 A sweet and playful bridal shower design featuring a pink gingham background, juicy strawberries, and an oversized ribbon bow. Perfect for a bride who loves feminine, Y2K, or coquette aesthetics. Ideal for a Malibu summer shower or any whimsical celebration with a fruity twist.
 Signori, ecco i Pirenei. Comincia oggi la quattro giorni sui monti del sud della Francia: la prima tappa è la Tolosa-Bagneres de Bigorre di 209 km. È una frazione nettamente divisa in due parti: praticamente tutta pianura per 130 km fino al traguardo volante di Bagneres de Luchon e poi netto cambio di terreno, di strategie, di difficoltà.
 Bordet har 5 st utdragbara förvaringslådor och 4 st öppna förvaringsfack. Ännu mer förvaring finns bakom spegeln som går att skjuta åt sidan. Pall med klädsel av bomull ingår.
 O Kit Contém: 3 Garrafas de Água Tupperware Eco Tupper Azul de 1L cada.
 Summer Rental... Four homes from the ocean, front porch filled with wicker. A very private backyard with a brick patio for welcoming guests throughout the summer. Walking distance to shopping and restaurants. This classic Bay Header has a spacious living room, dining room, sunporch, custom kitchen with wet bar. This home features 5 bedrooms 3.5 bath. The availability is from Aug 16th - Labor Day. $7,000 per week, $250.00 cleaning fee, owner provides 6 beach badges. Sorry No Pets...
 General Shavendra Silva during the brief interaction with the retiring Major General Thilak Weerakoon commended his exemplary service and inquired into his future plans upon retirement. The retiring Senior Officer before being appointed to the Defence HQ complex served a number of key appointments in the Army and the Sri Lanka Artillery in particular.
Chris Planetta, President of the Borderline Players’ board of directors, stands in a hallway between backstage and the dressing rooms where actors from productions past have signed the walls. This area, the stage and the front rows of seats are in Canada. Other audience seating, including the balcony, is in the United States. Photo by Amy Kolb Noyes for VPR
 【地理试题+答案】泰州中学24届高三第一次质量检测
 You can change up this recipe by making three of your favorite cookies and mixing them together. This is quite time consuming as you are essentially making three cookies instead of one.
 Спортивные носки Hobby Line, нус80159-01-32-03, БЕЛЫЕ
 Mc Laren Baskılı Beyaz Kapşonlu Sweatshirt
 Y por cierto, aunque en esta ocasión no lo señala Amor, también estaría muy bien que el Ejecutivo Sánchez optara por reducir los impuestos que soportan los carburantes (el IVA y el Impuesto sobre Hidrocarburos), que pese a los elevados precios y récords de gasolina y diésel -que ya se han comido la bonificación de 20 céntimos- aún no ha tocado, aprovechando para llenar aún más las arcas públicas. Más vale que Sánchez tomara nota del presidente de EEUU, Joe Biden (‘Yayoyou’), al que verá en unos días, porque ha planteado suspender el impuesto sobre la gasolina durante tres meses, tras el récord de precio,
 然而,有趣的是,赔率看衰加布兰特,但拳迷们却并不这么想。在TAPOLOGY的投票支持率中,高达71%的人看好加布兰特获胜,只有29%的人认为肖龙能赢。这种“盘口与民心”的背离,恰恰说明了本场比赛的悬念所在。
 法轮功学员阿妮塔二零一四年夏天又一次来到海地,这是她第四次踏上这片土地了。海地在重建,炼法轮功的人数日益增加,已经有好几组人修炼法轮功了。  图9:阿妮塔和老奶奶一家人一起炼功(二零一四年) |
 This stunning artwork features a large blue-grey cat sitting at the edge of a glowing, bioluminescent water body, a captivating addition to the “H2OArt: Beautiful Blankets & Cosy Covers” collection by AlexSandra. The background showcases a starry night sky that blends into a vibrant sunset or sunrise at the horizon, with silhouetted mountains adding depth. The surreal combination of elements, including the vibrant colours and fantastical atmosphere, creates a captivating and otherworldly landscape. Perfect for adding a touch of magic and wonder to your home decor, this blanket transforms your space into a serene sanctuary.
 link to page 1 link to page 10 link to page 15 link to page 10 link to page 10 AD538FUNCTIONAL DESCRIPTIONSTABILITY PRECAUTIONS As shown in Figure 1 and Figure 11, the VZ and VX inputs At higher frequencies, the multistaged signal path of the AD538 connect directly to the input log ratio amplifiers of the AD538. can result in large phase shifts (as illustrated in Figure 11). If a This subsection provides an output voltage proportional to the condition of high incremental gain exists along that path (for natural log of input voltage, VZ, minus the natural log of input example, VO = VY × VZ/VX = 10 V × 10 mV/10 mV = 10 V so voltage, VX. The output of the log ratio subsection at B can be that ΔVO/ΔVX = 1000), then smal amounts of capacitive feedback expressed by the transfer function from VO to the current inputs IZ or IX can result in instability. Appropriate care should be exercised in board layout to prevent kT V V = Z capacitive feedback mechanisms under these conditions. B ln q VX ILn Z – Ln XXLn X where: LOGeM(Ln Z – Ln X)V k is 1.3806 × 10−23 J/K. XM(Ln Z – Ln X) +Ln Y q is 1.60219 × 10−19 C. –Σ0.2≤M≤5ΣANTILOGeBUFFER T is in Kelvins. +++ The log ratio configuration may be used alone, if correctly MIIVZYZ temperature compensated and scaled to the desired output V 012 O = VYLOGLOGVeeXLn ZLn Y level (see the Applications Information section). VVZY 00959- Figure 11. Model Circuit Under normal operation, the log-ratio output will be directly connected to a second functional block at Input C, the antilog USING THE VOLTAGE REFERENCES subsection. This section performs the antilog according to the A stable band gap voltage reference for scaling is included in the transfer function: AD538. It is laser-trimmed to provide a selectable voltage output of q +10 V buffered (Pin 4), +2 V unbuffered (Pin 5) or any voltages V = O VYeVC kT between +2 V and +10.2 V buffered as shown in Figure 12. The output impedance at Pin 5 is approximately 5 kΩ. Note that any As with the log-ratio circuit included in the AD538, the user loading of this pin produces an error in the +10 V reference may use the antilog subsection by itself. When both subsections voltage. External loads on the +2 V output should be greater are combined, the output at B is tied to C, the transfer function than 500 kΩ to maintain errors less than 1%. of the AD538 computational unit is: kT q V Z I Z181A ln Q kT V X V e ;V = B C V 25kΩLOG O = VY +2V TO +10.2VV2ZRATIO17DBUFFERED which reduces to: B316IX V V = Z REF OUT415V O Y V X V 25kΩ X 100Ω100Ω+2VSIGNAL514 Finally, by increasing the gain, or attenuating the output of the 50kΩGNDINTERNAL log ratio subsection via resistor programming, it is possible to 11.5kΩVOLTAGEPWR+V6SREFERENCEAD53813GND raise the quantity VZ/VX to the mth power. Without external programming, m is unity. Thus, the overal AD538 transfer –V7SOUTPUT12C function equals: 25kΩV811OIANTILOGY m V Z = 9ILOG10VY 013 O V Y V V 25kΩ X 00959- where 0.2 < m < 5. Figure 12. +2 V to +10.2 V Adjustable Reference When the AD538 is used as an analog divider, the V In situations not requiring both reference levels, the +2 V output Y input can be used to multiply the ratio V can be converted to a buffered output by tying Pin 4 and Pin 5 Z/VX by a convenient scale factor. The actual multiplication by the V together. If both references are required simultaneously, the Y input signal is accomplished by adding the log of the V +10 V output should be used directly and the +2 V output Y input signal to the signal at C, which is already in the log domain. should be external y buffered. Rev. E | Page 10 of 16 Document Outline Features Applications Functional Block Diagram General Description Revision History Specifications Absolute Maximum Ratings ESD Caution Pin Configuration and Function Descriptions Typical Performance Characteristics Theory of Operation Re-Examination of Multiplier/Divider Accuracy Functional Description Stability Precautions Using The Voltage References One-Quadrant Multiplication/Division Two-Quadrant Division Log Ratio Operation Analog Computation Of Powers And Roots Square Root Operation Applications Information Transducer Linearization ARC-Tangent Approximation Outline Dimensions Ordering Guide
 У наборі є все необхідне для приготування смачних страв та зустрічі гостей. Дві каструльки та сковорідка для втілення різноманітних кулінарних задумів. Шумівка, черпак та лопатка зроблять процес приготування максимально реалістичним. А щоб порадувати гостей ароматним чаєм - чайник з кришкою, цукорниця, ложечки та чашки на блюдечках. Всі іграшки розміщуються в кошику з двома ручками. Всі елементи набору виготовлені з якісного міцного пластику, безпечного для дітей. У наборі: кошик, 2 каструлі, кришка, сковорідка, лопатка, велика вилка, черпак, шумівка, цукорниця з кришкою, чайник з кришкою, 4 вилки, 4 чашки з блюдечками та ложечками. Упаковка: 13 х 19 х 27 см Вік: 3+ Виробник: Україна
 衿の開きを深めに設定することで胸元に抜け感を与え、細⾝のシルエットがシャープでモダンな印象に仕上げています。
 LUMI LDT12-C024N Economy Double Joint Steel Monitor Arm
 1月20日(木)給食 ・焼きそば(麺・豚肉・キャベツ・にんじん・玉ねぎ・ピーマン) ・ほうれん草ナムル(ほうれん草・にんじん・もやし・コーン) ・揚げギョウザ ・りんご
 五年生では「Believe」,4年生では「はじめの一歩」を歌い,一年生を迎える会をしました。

- - -

_Required action_.
Everything from the line with "You can change" through the line with "Mc Laren Baskılı Beyaz Kapşonlu Sweatshirt" should be written out exactly as it appears above, end lines included, and nothing outside that range.

_Output_.
 You can change up this recipe by making three of your favorite cookies and mixing them together. This is quite time consuming as you are essentially making three cookies instead of one.
 Спортивные носки Hobby Line, нус80159-01-32-03, БЕЛЫЕ
 Mc Laren Baskılı Beyaz Kapşonlu Sweatshirt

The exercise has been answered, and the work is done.